It’s important to note that in terms of gate-count metrics, FPGA technology and SoC technology do not compare well, and FPGA gate counts are given as a rough approximation.

Even if all SoC logic may be mapped into FPGA, the utilization may be limited owing to one or more of the following reasons:

Recommendation: FPGA designs with high utilization levels are less likely to run at the peak clock rates. Also, highly utilized designs run the risk of exceeding available resources if or when the design grows because of mid-project design changes. While FPGA utilization levels of over 90% are possible, it is recommended to limit initial utilization levels to 50%.

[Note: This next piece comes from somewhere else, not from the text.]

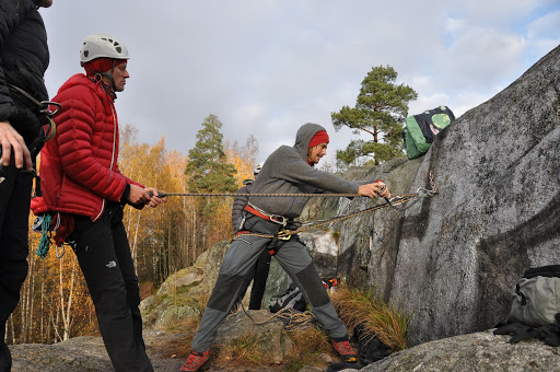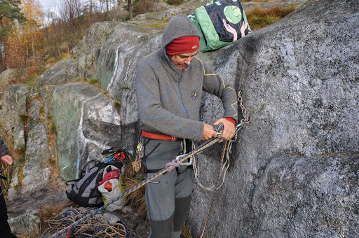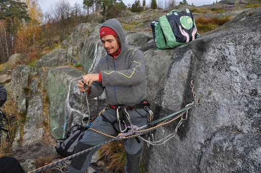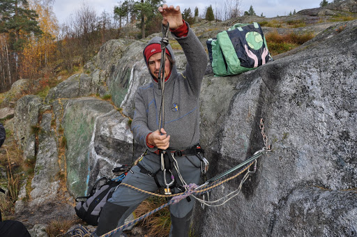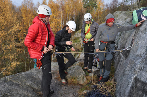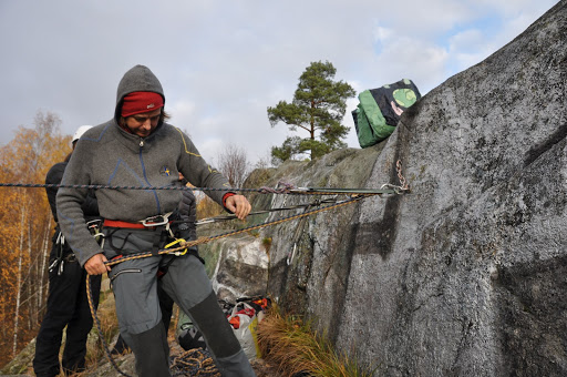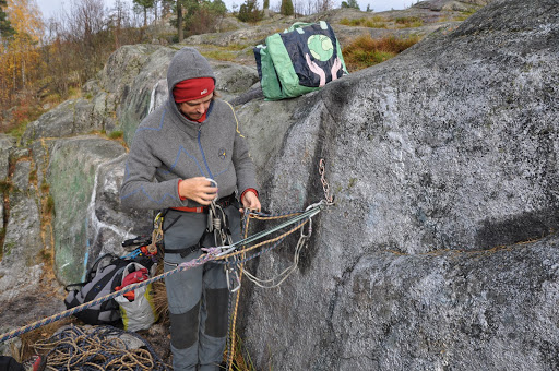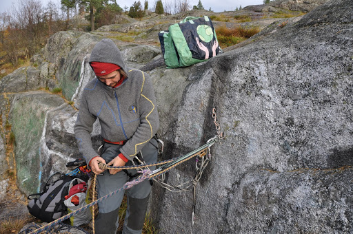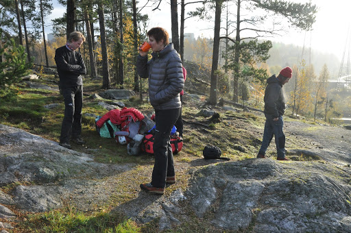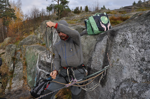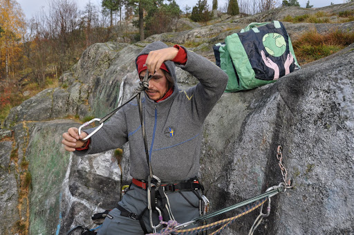 Sumuisena lokakuun lopun viikonloppuna Kiipeilysohlojen trädikiipeilyaktiivit, Nina, Pirjo, Mikko ja minä, kokoontuivat Käärmekalliolle Sohlojen hovivuoristo-opas Petter Reutterin johdolla perehtymään siihen mitä tehdään, jos Prestenin yhdeksännellä kp:llä tai jossain muualla korkealla kalliolla sattuu jotain ikävää.
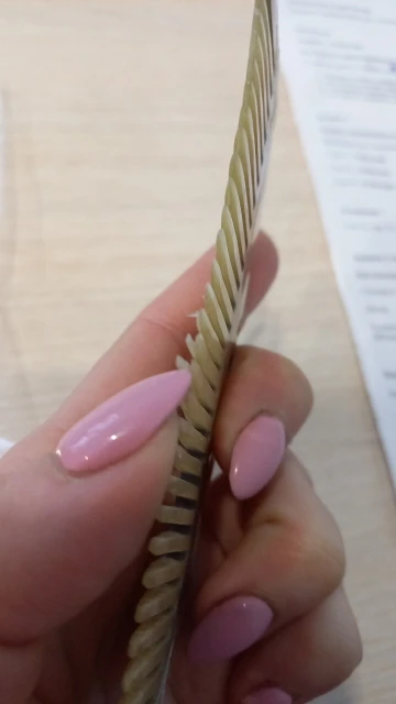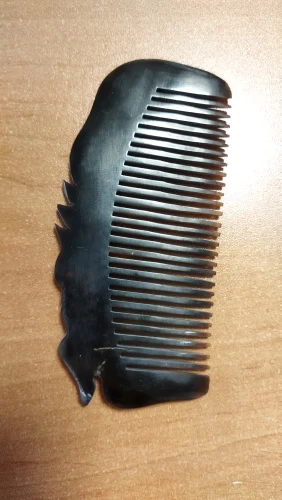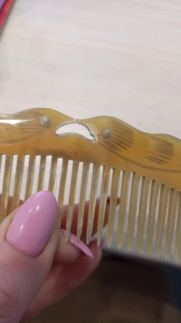 хорошая расчесочка, мне понравилась. вроде натуральный рог, поджигали, пахнет рогом. волосы прочесывает хорошо. сделана аккуратно.

4.2.6. FPGA resource estimation

In estimating the FPGA resources used in a given SoC design, the resources that need estimation are: FPGA IO, random logic, FFs, memory blocks, arithmetic elements and clocks. Manually estimating resources such as memory blocks, multipliers and high-speed IO is fairly straight forward and fairly accurate but estimating random logic and FFs is more difficult and the margin for error is greater. Therefore it is advised to first establish if the design will fit in an FPGA based on the special resources and as soon as the design is synthesizable run it through the synthesis tool for an accurate FPGA resources usage estimate. If the design is synthesizable, it is recommended to use a quick synthesis evaluation that will indicate expected resource utilization.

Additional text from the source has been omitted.